New Zealand insurer Tower has begun a review of its business, which may lead to mergers, acquisitions, divestments or a capital return.

The company announced the review when releasing its half-year profit to March 31, which is up 83% to $NZ23.38 million ($18 million).

Tower says the review of the business segments aims to improve the company’s position in the market and enhance shareholder value.

MD Rob Flannagan says the group wants to double in size and was “hugely disappointed” to miss out on acquiring Christchurch-based AMI, which was bought by IAG.

Since the AMI acquisition bid fell through, Tower has come under pressure from shareholders and analysts on how it employs capital, and has appointed Goldman Sachs to consider growth opportunities.
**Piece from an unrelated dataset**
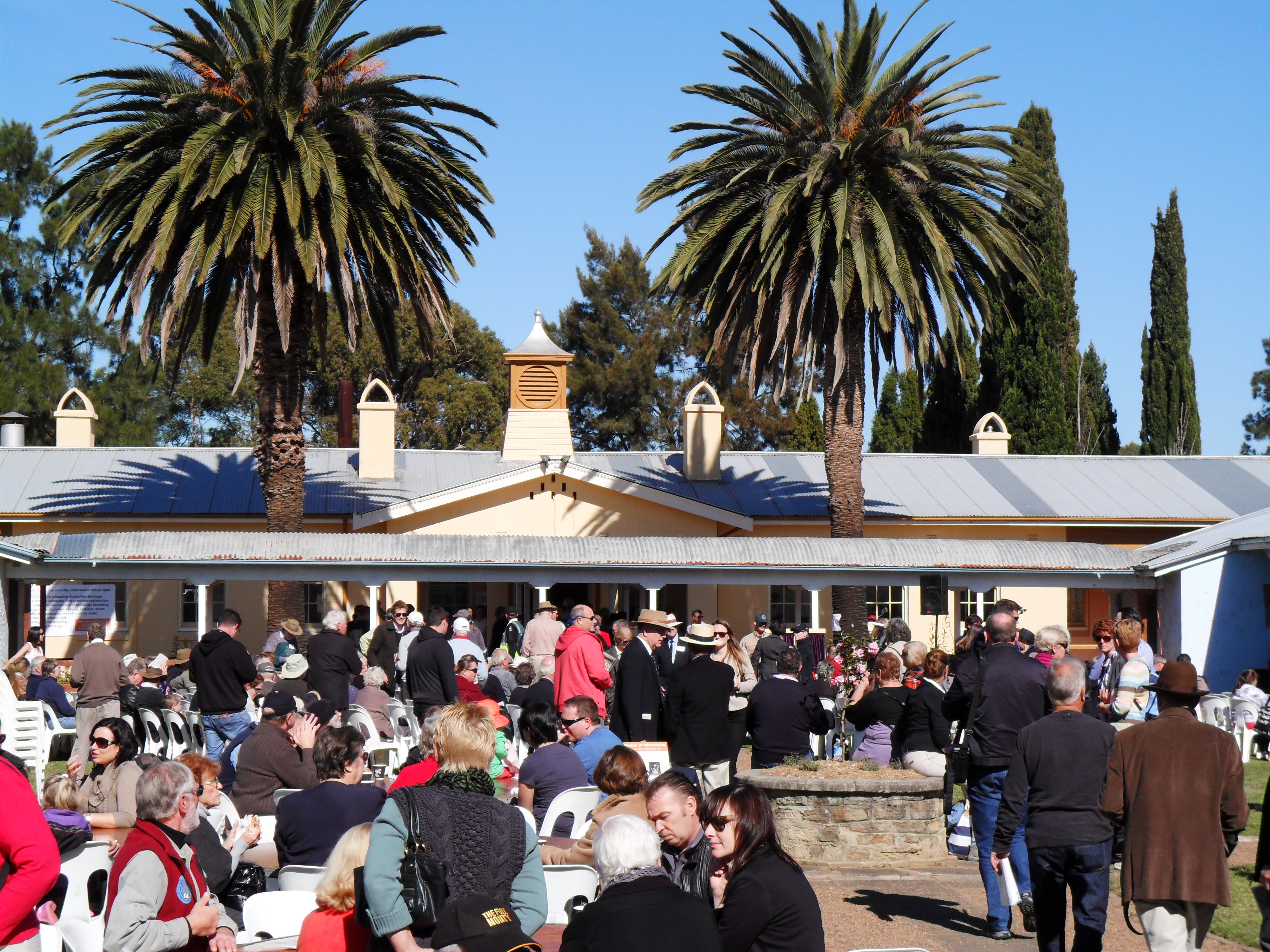 Scheyville Training Farm Cantenary 2011. Scheyville NSW, location of Officer Training Unit and Dreadnought Boys training farm, also immigration centre.

Mr Flannagan says there is no deadline for the review.

He told insuranceNEWS.com.au that as part of refreshing the business, two new directors have joined the board – Graham Stuart, the CEO of fishing company Sealord, and professional director Stephen Smith.

Mr Flannagan says the half-year result shows the group has recovered from the Christchurch earthquakes.

Tower’s general insurance business increased its profit by 17% to $NZ5.4 million ($4 million), despite incurring an additional $NZ4 million ($3.08 million) of catastrophe claims from the earthquake on December 23 last year.

The combined ratio from general insurance was 95% compared with 96% in the corresponding period last year.

Profit from life insurance rose from $NZ2.3 million ($1.78 million) to $NZ13 million ($10 million), reflecting increased investment income and a substantial decrease in policy liabilities.

Net profit from the health business rose 5% to $NZ6.8 million ($4.2 million).

Insurance premium revenue increased 7% to $NZ231 million ($178 million), but the higher cost of reinsurance post-Christchurch saw Tower’s reinsurance bill rise by 31% to $NZ29 million ($22 million).

Claims expense fell 68% to $NZ134 million ($103 million), a reflection of fewer claims.